Вот на этой стороне — все известно, измерено, во все стороны проложены хоть и немудрящие, но проселки и тракты — Шадринский, Павловский, Змеиногорский, Ордынский тракт; любая десятина кому-нибудь принадлежит, кто-то ею так или иначе, а давненько уже пользуется; на Стороне Той — и верст-то нет, дорог нет, а явился кто — пользуйся как умеешь и чем хочешь, одно слово — Мир Божий, Царство почти что Небесное...
И когда душа аульского жителя является в то Царство, там, по всей вероятности, ее никто за ручку водить не будет, это она всем направо-налево будет объяснять тамошние порядки и правила поведения; ей ведь на Том Свете свойственно, а не чуждо. Тот Свет очень был похож на Ту Сторону, и наоборот... Было, было у аульских жителей и чувство постоянства Той Стороны...

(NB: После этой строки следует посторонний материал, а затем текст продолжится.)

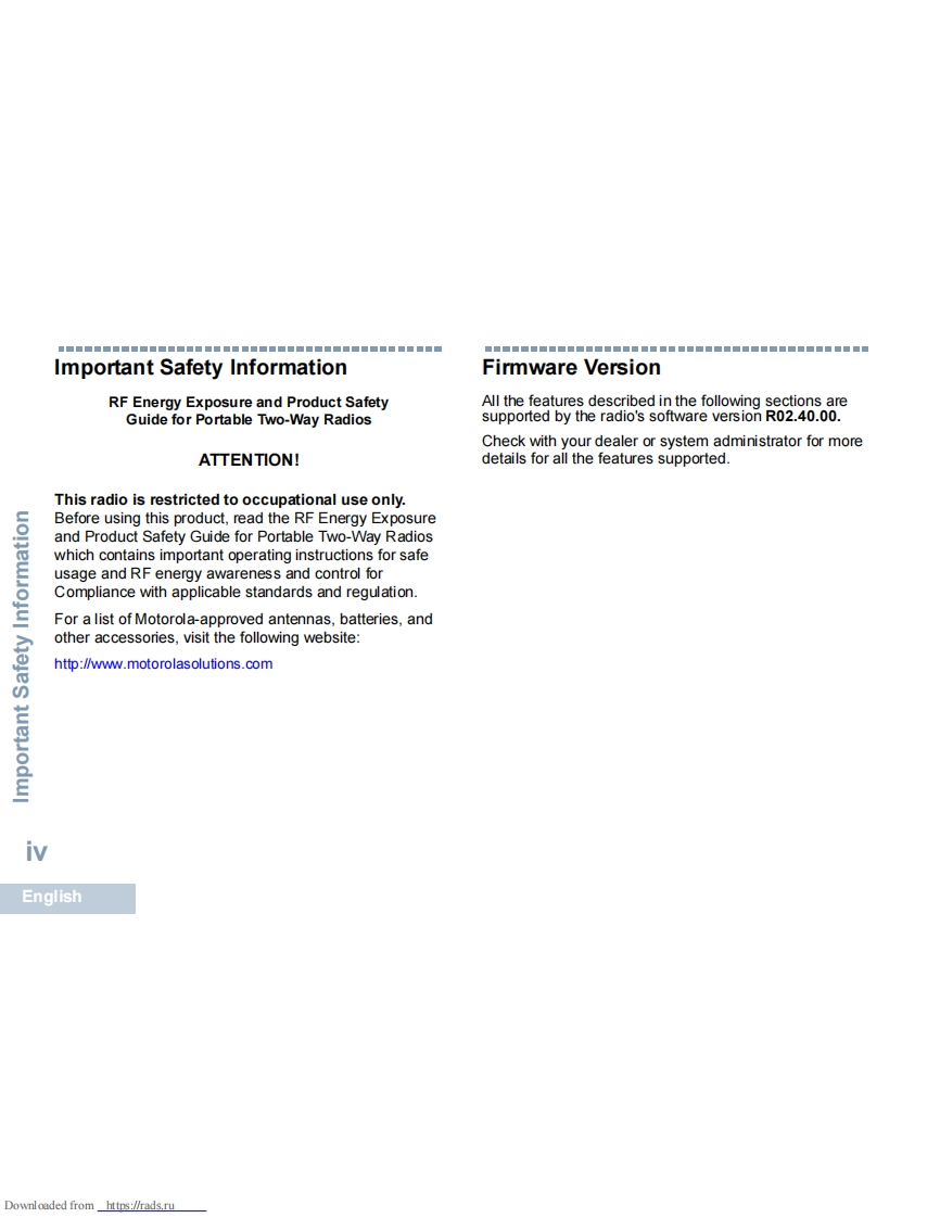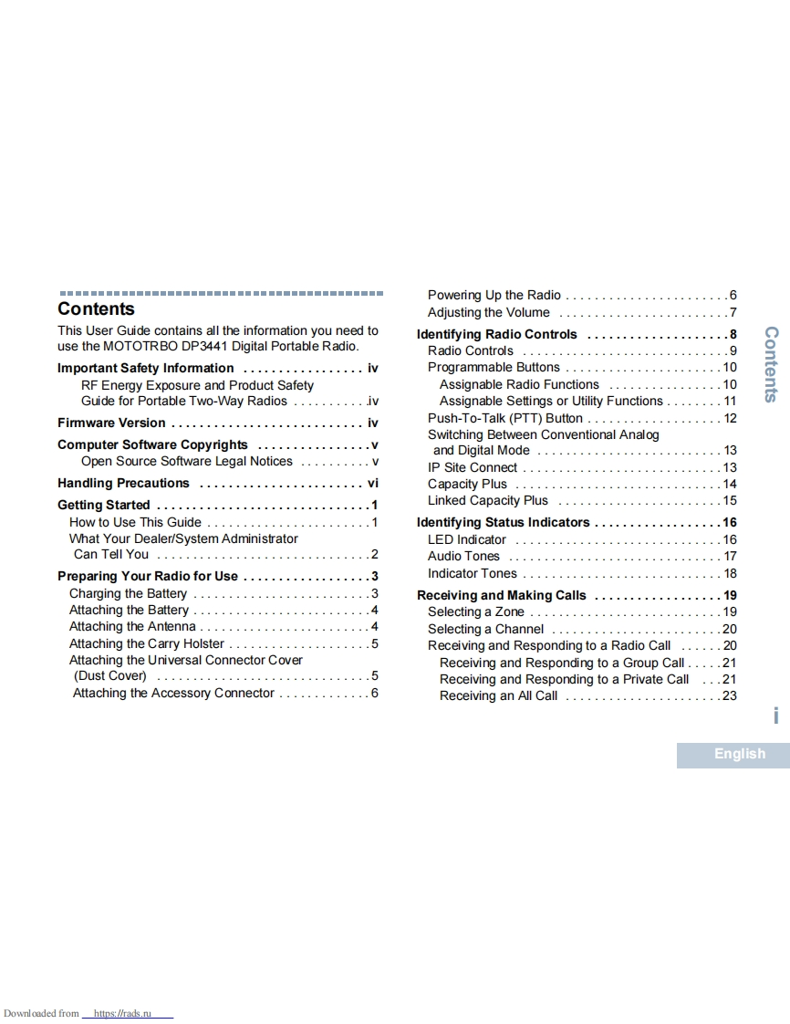 Motorola-DP3441操作说明书手册找手册网32天前发布关注私信1.94MB58页035Motorola-DP3441操作说明书手册此内容为付费资源,请付费后查看¥19¥21黄金会员免费钻石会员免费登录购买付费资源 第1页 / 共58页 第2页 / 共58页 第3页 / 共58页 第4页 / 共58页 第5页 / 共58页 第6页 / 共58页 第7页 / 共58页 第8页 / 共58页 第9页 / 共58页 第10页 / 共58页 试读已结束,还剩48页,您可下载完整版后进行离线阅读 THE END摩托罗拉 文本预览 source-EMEA.fm Page I Tuesday,September 2,2014 9:32 PMPROFESSIONAL DIGITAL TWO-WAY RADIOS从MOTOTRBOTMDP3441NON-DISPLAY PORTABLEUSER GUIDEMOTOROLAen de-DE fr-FR it-IT es-ES tr pl ru ar-EG 查看更多 收起部分 喜欢就支持一下吧收藏
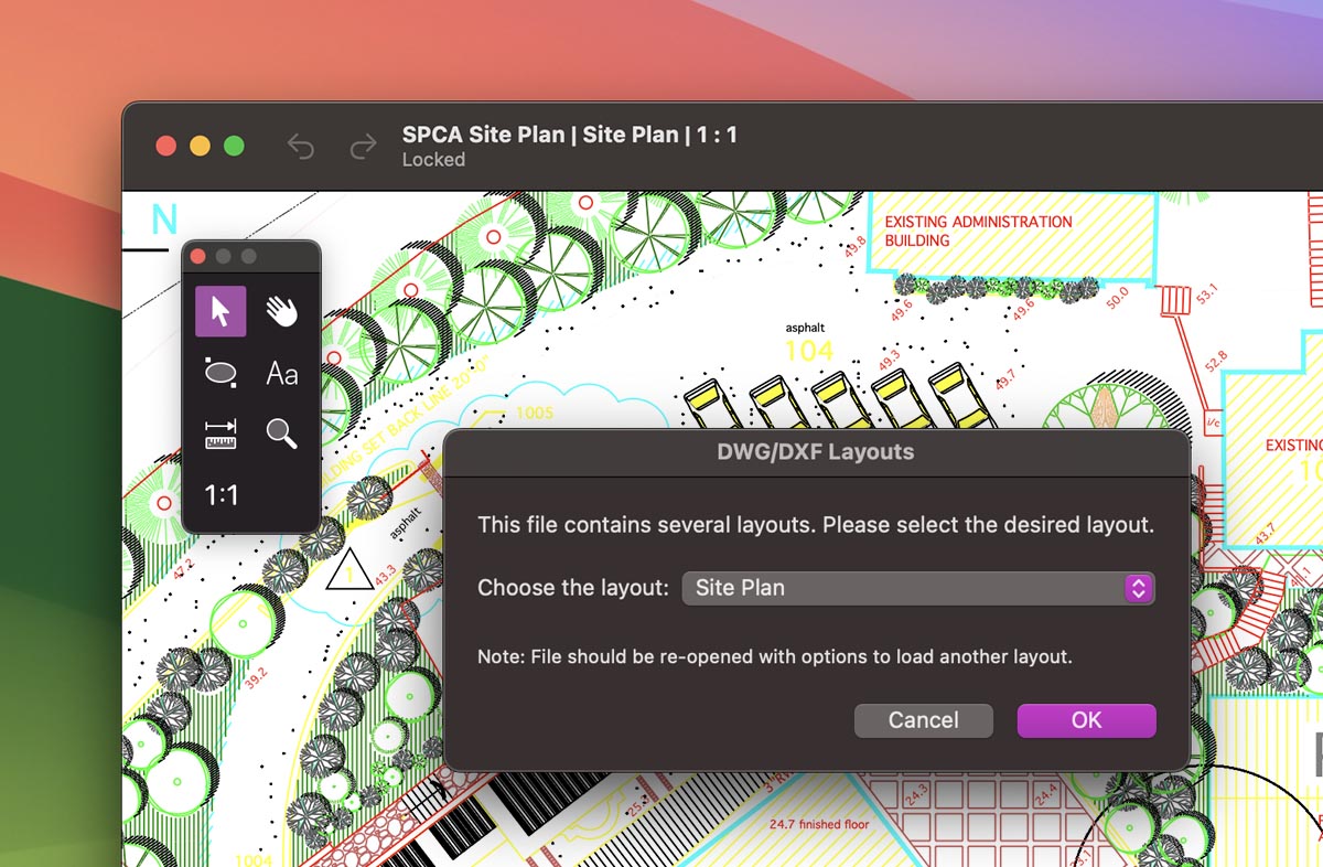 An easy to use app for viewing your DWG and MacDraft files on the Mac. View files stored locally on your machine, then annotate, export as PDF or print.
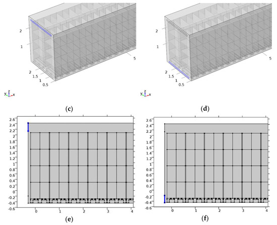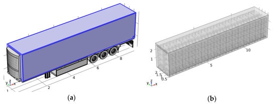 For the 3D analysis of the refrigerated trailer models, ANSYS Fluent 17 is used as the CFD simulation platform. The reason is to benefit from the sophisticated RSM method provided by the ANSYS Fluent software. The RSM method has distinct advantages over other lower order models. Additionally, the RSM better predicts the global behavior of the airflow and the airflow in the narrow air spacings of palletized cargo. It is the most elaborate type of Reynolds-averaged Navier–Stokes (RANS) turbulence model provided by the ANSYS Fluent. For the 2D analysis of the transient models, a more convenient COMSOL Multiphysics 5 is used as the simulation platform. All simulations are performed on an Intel i7-6700, with 8 cores, 3.40 GHz CPU, and 24 GB of RAM.
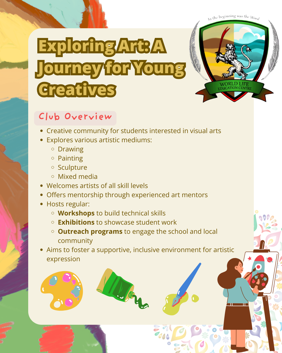 The Art Club hosted by WLEC is a creative community where students explore various forms of artistic expression, including drawing, painting, sculpture, and mixed media. It provides a supportive environment for artists of all levels to share ideas, collaborate on projects, and develop their artistic abilities. Our Art Club mentors organize workshops, exhibitions, and outreach programs to promote art appreciation and creativity within the school, and beyond in the local community.

На Стороне этой, смотри-ка, что делается: заводы по выплавке серебра в какую-то давнюю пору были здесь построены, а леса повырублены, войны были, и не дальние, а здешние, гражданские, нэп вот явился после военного-то коммунизма — и вот уже аульский купец снова держит лавочку, держит в доме своем иконы и с Советской властью обнимается... Или вот на Третьей Прудовой улице, на Шестом Зайчанском переулке жил Парамон с неизвестной почему-то фамилией, он обычно жил так: три года на купцов не разгибаясь работал, печки складывал жилые и в магазинах, на год же четвертый «свободничал»: пил водку, а купеческие магазины жег огнем, прекрасно зная и это дело. И ничего, околоточный отводил Парамона к мировому, мировой отправлял его в острог, в остроге Парамона брили и посылали класть острожному да и прочему городскому начальству отменные, экономные на дрова печи, а — нынче? Пожег Парамон еще в прошлом году магазин нэпмана Тетерина, и посадили Парамона, и держат вместе со всяким бездельным сбродом в тюремной камере вот уже скоро год! Таков он, непонятный этот нэп...
И все это — исключительно на этой Стороне, все-все здесь — и любое событие, и любой непорядок.
На Той Стороне событий нет, не может быть, и вот стоит она не в чужом каком-нибудь, а в своем собственном непоколебимом порядке, и великая в том ее заслуга, и честь всего мира, а для человеков — вера...
— А — что? И — правильно! — размышлял на этот счет аульский житель,— обязательно должно быть на свете что-то постоянное, вечное, и потому что должно быть — вот оно, есть, существует!
А значит, существуют в мире и порядок, и справедливость, кто это сказал, что нету ее, не может быть? Кто, кто сказал? Кто вякнул? А ну, выходи, сейчас — и свернем тебе башку! Ругайся какими угодно словами, это не в счет, а за этакое выражение стоит свернуть башку! Чтобы не молола, не вякала неведомо что!
Этакое вот суждение, по-видимому, входило в мироощущение аульского обывателя.
Конечно, он такого слова, как «мироощущение», не знал, но потому опять-таки не знал, что не нуждался в нем. Вполне очевидные и повседневные понятия, будучи таковыми, не требовали для него словесного обозначения.
Очень редко употреблялось им даже такое слово, как «жизнь», разве только по необходимости что-то противопоставить другому слову —«смерть».
— Поляков-то, Андрюха,— жив ли?
— Помер...
— Ну, вот, я как знал, царствие ему небесное... Или же несколько по-другому:
— Значит, ты живой?
— Живой и есть!
— Ну и слава богу! Живи тогда на здоровье! Сегодня — Здесь, завтра — Там... Свобода!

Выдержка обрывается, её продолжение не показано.